In recent years there has been a rapid growth in installed capacity of renewable energy sources (hydro, wind, solar, (3) biomass, geothermal), which is expected to continue for decades. Half of the worldwide newly added capacity in 2010 has been of renewable technologies (including hydro). In the European Union, renewables account for more than 40% of yearly capacity additions since 2005. (4) Due to strong political support, especially Germany already has a considerable high share of wind and solar power plants in its electricity system. By September 2012, Germany had 29 GW installed capacity of wind power plants and 30 GW installed capacity of solar power plants, which together accounts for about 35% of total installed capacity. (5) In 2011, 20% of German electricity consumption has been produced by renewable sources. (6) Scenarios (7) for the year 2022 see renewable installed capacity in Germany between 93 GW and 150 GW, which is (much) more than the German yearly peak demand (in 2010 at about 83 GW). In all those scenarios, conventional installed capacity is predicted to decrease to between 82 GW and 92 GW.

This considerable amount of renewables sources in the system and the regulatory circumstances (see below) heavily influence the electricity price for Germany, which is traded at the EEX and EPEX. In Figure 1 an hourly production stack and the corresponding market prices are displayed. Supply is split into production from wind, production from solar and residual production, which is covered by technologies other than wind and solar, i.e. mainly conventional generation units like nuclear, lignite, coal, and gas. The prices follow the profile of residual production (which is determined by subtracting renewable infeed from demand), so we conclude that the intra-day price shape heavily depends on the amount of renewable infeed

In this paper we suggest a model which extends existing models in this direction, as this is not accounted for in existing supply/demand models in the literature. Moreover, the model components can be used in economic models for the generation of wind and solar production time-series. (8)

The effect of renewable infeed is also seen in time-series of hourly spot prices as plotted in Figure 2 from 2005 to 2011. There are less positive spikes since 2009 and they also reduced in magnitude. On the other hand, negative prices started to occur and especially in 2009 negative spikes are much more present than positive ones. In 2010 and 2011, the size of negative spikes reduced, indicating that producers are learning and trying to avoid negative prices (e.g. by assembling a more flexible power plant portfolio). The time series for 2011 in Figure 3 reveals that there are still some moderate spikes in the market, both positive and negative. The typical situation in case of negative spikes is a very high renewable infeed (usually for a few hours only, caused by fluctuating wind infeed) on days with generally low demand (public holiday, weekend). The electricity oversupply during those hours is caused by baseload plants, which cannot be economically switched off for a few hours only (there are also technical restrictions). They are prepared to accept negative prices for a short time period in order to be able to continue with their production.

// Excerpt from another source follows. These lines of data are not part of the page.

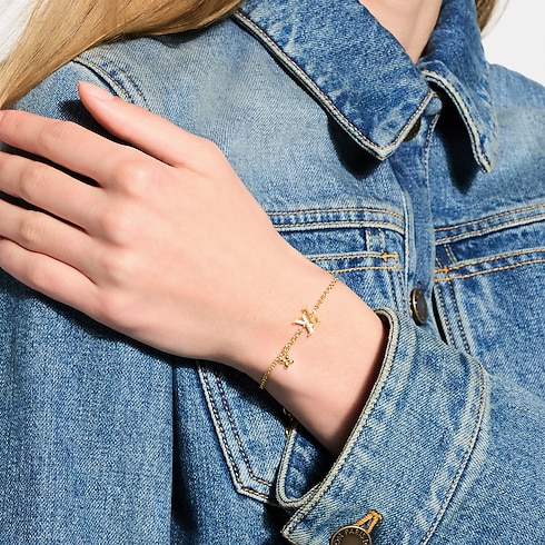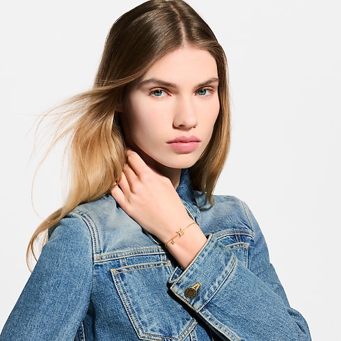 Incorporating the House's distinguished symbols into casual looks is effortless with the LV Iconic bracelet. This dainty piece is adorned with LV Initials encrusted with shimmery crystals, a tiny Monogram Flower and a finely engraved plaque. The adjuster chain at the back ends with a dangling LV Circle charm for an additional signature flourish.
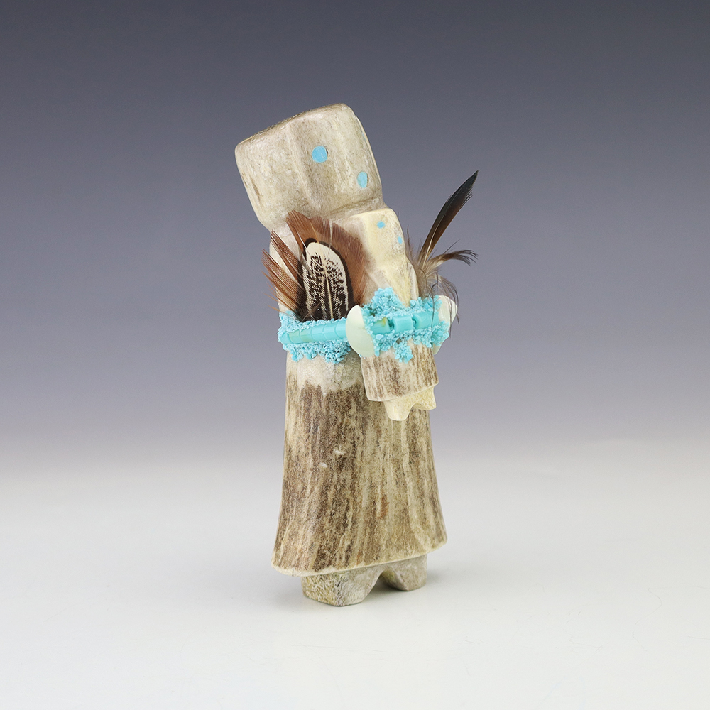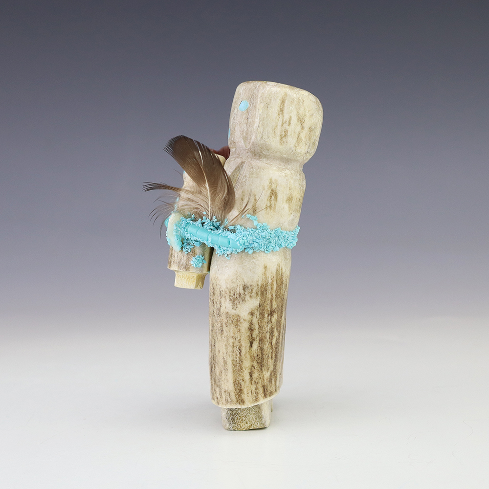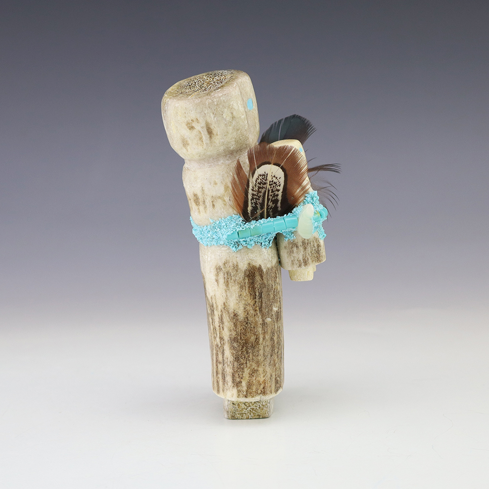 Zuni artist Marvelita Phillps hand carved this beautiful Alter Doll. Made out of antler and Turquoise. This carving would make a great addition to your Native American or Zuni fetish collection. Signed
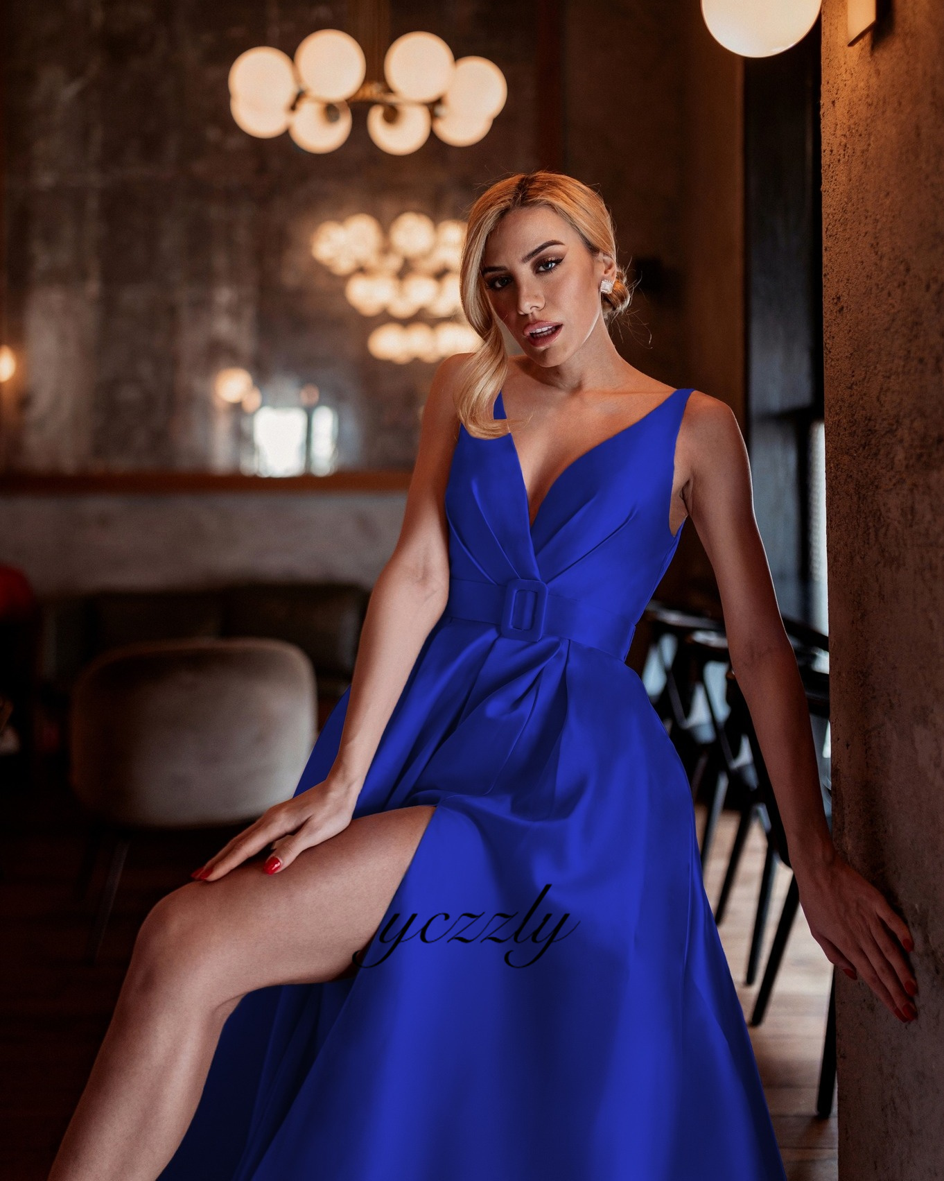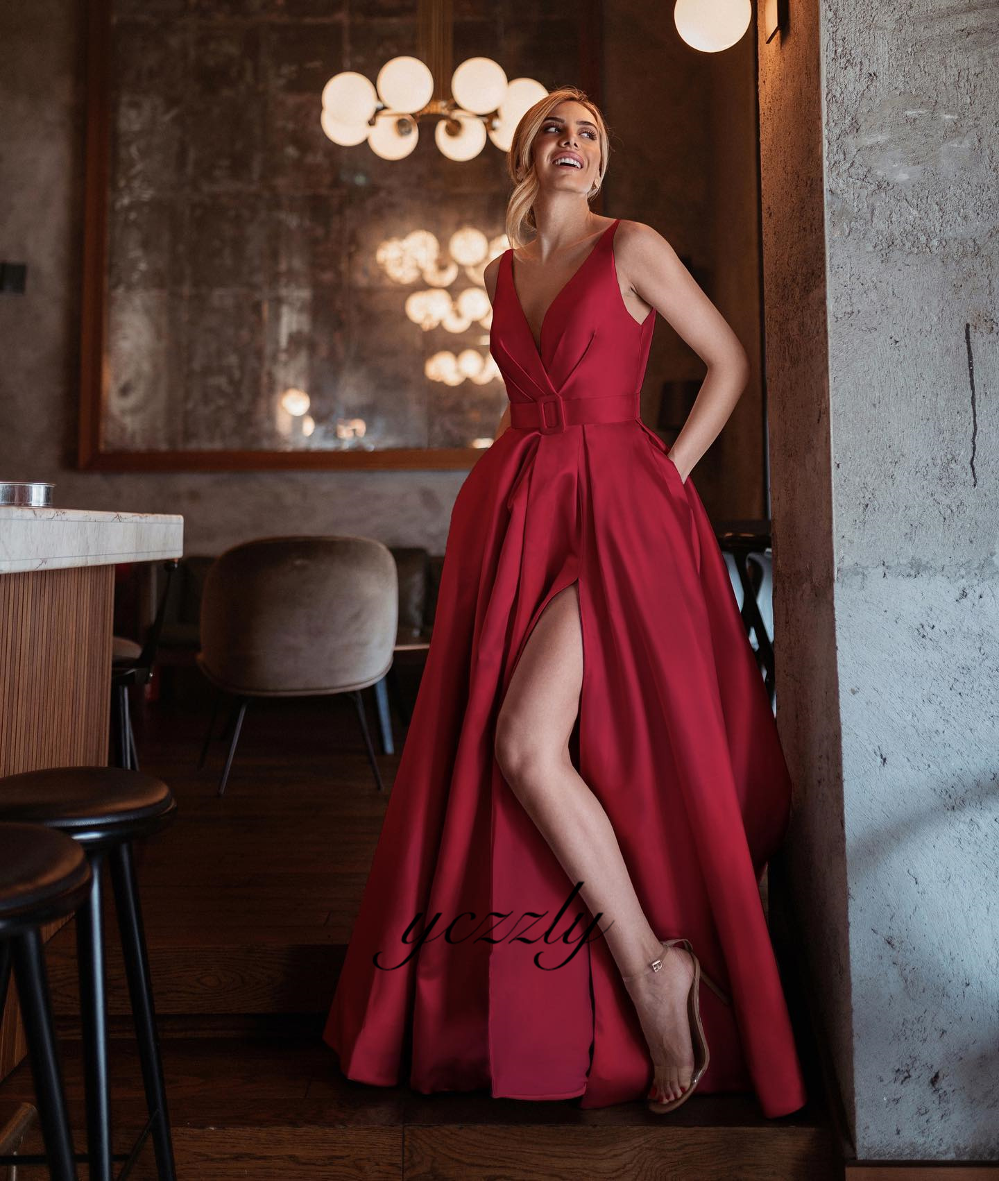 Burgundy V-neck Satin Long Prom Dress With Slit YE24
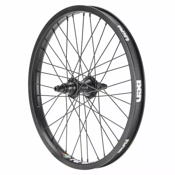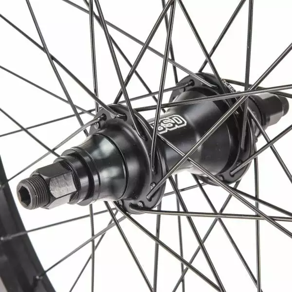 Elle est construite autour d’une jante à double parois NASA en aluminium ultra solide, qui présente des flancs épais et de nombreux renforts pour encaisser les plus grosses réceptions sans risque de casse. Cette jante est associée à un moyeu Street Pro : son corps est en aluminium, son axe robuste en acier chromoly et il intègre des roulements scellés de grande qualité ! Son système à 3 cliquets est très réactif, et ses 36 rayons croisés par quatre ajoutent encore à la solidité et à la rigidité de l’ensemble.

Positive spikes occur usually in times of high conventional demand. Germany has enough conventional capacity to meet peak demand even in times of zero renewable infeed (Bundesnetzagentur (2011)), but the conventional capacity is near its limit in those situations. Further causes of positive spikes are unexpected outages. The increasing share of solar infeed is reducing the (positive) spike risk. Solar produces mainly during hours of peak demand, so it reduces conventional peakload. This is the peak-shaving effect, which is also visible since 2010 in Figure 1. A third characteristic of spotprices seen in the figures is the seasonality on different time-scales. There is intra-day seasonality (Figure 1) weekly seasonality (Figure 3) and a yearly seasonality (Figure 2 and Figure 3).

Production from renewables introduces new uncertainty ( = risk) to the market due to their volatile production profile. Therefore in order to apply supply/demand models to the German power market (or any other market with a high share of renewables in its system), the infeed from wind and solar power plants should be considered, especially as the seasonalities in electricity prices are mainly generated by the seasonalities in residual production. As supply and demand must coincide at every time we use residual demand in the following, as we include the renewables on the demand side of the model.

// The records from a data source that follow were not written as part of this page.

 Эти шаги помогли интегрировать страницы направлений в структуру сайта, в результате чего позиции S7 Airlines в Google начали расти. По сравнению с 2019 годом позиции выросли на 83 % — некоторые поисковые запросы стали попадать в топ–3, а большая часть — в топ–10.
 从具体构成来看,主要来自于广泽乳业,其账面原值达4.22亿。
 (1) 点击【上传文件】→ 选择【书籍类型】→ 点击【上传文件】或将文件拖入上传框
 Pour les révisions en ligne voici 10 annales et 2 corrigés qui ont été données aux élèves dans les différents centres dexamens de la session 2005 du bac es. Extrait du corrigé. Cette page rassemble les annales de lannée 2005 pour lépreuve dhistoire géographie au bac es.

The main contributions of this work are explicit models for wind and solar power infeed, which are used to refine existing supply/demand models for electricity. Moreover, within a simple structural framework, the residual demand model is applied to the German market. Our empirical work is also based on the German power market.

The regulatory circumstances in Germany are based on the EEG. (9) It implies that all production from renewables must be fed into the electricity grid. Conventional generation units (nuclear, lignite, hard coal, gas, oil, pumped storage) are to cover the residual demand only. As an incentive to investors, a guaranteed tariff for the produced electricity is paid for 20 years after the installation of the plant (feed-in tariff), so the renewable producer is not exposed at all to spot price risk. We will model wind and solar only, as they have a particularly uncertain and fluctuating infeed profile (unlike hydro or biomass). As most of the wind and solar power plants have been built in recent years they are eligible for the feed-in tariff and infeed priority and bid as must-run in the day-ahead auction (basically they bid at the lowest price allowed). Therefore we can consider the production from renewables as a demand reduction, i.e.

residual demand = (stochastic)total demand-(stochastic)infeed from renewables.

Residual (or conventional) demand is the electricity to be generated by conventional technologies. This is the demand which should be used in the merit order of conventional generation units to determine the market price. A common approach in demand modeling in the literature (i.e. the supply/demand models cited above) is to choose a deterministic seasonal component plus a stochastic process modeling random deviations from the seasonal level. They occur mainly due to weather conditions, i.e. an unusual cold spell in spring will cause a rise in demand for a few days due to electric heating. As those deviations are only temporary the stochastic process is meanreverting to level zero. Any trend or seasonality is contained in the deterministic component. As an example we introduce a model for total system load with the desired properties using an OrnsteinUhlenbeck process, which is used in Aid et al. (2009), Coulon and Howison (2009), and Lyle and Elliott (2009). We measure time continuously in years and denote it by t[member of] [0,T], where T>0 is some finite time horizon. All processes are defined on a probability space ([OMEGA],P,[??]) supporting Brownian motion with the filtration [??] generated by all the Brownian motions [W.sub.t] used in this paper.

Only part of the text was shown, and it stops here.